Giacomo Leopardi, tra nulla e niente

martedì 13 settembre 2022


Purtroppo qualcuno dubiterà, normale, è umano il dubbio, anche animale. Nel caso che manifesto, i dubbi non dovrebbero consistere, tale evidenza ha la situazione. La dico. Anni, decenni dal tempo in cui mi fu obbligo conoscere i luoghi dove nacque e malvisse Giacomo Leopardi. Per motivi comprensibili non ne ebbi conoscenza da persona a persona, in tali casi, lette presso che interamente le sue opere camminare dove mise piede, guardare dove stese sguardo, respirare dove respirò infelicità, tuttavia i suoi luoghi, l’amore è immedesimazione. Giunsi a Recanati, cittadina nitida, all’antica, dell’Italia delle piccole città e dei borghi che recano la civiltà del passato come una corona nei musei.

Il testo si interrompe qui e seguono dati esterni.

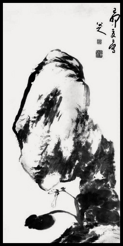 有一副现存于江苏泰州博物馆的《秋花危石图轴》,画中巨大的石头摇摇欲坠,山人用浓墨重笔,涂出了石头力压千钧的力道,但在巨石之下,却用淡墨画了一朵小花,长着一片叶子,巨石与花朵,构成了相当大的反差,但花儿依然从容地绽放。
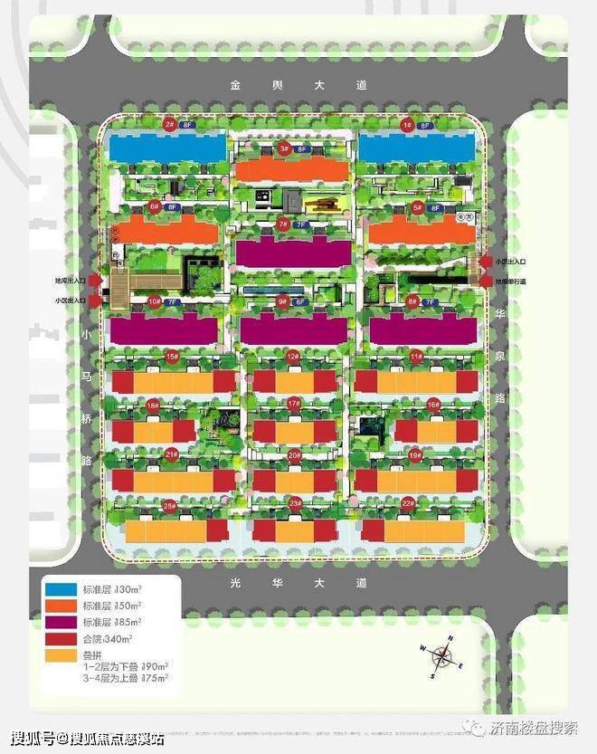 11#楼—25#楼为叠拼别墅、合院别墅。其中,上叠户型面积175平,下叠户型面积190平,合院户型面积340平。

La statua, evidente. Poi, soprattutto, la casa, il palazzo, gli stemmi del casato, i libri, Monaldo, il padre, era un bibliofilo sperperatore. Giro, la grafia lenta, pensata di Giacomo Leopardi, in specie dei poeti lirici che si incantano sui termini, e invece un fulmine, un botto, tuoni, terremoti, barcollo, possibile? Impossibile! E tuttavia! Inaudito! Sopra un tavolinetto, in mostra, sogno? No, tocco, prendo, apro, guardo, vedo, leggo: Per Antonio Saccà, quando verrà. E la scrittura è di Giacomo Leopardi, me ne intendo. Non abbonderò in stupefazione e stregonismi. Un lascito di Giacomo Leopardi per me e perché io lo leggessi, non mi inoltro a stupirmi perché nei secoli non fosse preso, suppongo rispettassero la volontà dello scrivente. Basta. Ecco il testo di Giacomo Leopardi.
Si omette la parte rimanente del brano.